According to the Canadian Space Agency, Mr. Hadfield’s YouTube videos have been watched 22 million times. In December, at the start of the mission, he had 20,000 Twitter followers. That is now 850,000 and rising. Gone are the days of the reticent astronaut who spoke with the calm detachment the job seemed to demand.

On Earth, Mr. Hadfield is a member of the all-astronaut band Max-Q, named after the maximum pressure a spacecraft feels as it tears into orbit. While training for the mission, he began work on a song with Ed Robertson from the Canadian band Barenaked Ladies. In February the track ISS (Is Somebody Singing?) became the first song to be performed simultaneously on Earth and in space.

Rare insight

The daily stream of photos from Mr. Hadfield gave a rare insight into life aboard the ISS. On April Fools’ Day he posed with two “space grenades” that turned out to be air sampling devices. He did his best to convince the gullible that an alien spacecraft had docked with the ISS the same day, and that its occupant had boarded.

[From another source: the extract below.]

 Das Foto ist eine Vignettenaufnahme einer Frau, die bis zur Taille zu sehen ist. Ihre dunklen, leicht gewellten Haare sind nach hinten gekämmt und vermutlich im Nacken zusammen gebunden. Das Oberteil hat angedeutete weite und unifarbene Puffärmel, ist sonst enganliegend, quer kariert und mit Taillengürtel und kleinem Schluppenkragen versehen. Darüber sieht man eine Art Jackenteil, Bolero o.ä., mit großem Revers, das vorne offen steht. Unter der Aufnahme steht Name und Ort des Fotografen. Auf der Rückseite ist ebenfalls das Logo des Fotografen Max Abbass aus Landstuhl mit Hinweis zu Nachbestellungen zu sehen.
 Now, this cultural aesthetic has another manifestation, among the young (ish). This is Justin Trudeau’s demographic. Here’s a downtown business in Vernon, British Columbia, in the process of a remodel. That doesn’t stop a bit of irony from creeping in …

Amid the frivolity were more serious messages. When an ammonia leak threatened the station’s power supply last week, Mr. Hadfield tweeted details of the plan to fix the problem. As two astronauts embarked on an emergency spacewalk, he noted that they could not whistle, because the air in their suits was held at too low a pressure.

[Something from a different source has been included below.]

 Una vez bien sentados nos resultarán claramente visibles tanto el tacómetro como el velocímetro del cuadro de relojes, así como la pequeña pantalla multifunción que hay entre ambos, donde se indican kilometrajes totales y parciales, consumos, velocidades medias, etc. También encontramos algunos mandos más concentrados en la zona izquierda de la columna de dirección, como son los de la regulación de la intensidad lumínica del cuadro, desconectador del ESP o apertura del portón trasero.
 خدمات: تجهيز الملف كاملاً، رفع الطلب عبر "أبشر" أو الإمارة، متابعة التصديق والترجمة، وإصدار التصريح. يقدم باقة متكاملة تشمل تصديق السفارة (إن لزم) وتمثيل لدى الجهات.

His tweets describing the views from the ISS were a performance for a global audience. California’s wine country was “a favourite place on Earth”; Australia’s Outback “agonisingly beautiful”; the Greek islands were a picture of “delicate, shattered eggshell”. A picture of the moon rising over a bed of cloud was “a constant reminder to us all of what can be achieved”.

Mr. Hadfield was born in Sarnia, Ontario, in 1959. A mechanical engineer by training, he joined the military and graduated top of his class in 1988, from a U.S. air force test pilot school. In 1991, the U.S. navy voted him test pilot of the year.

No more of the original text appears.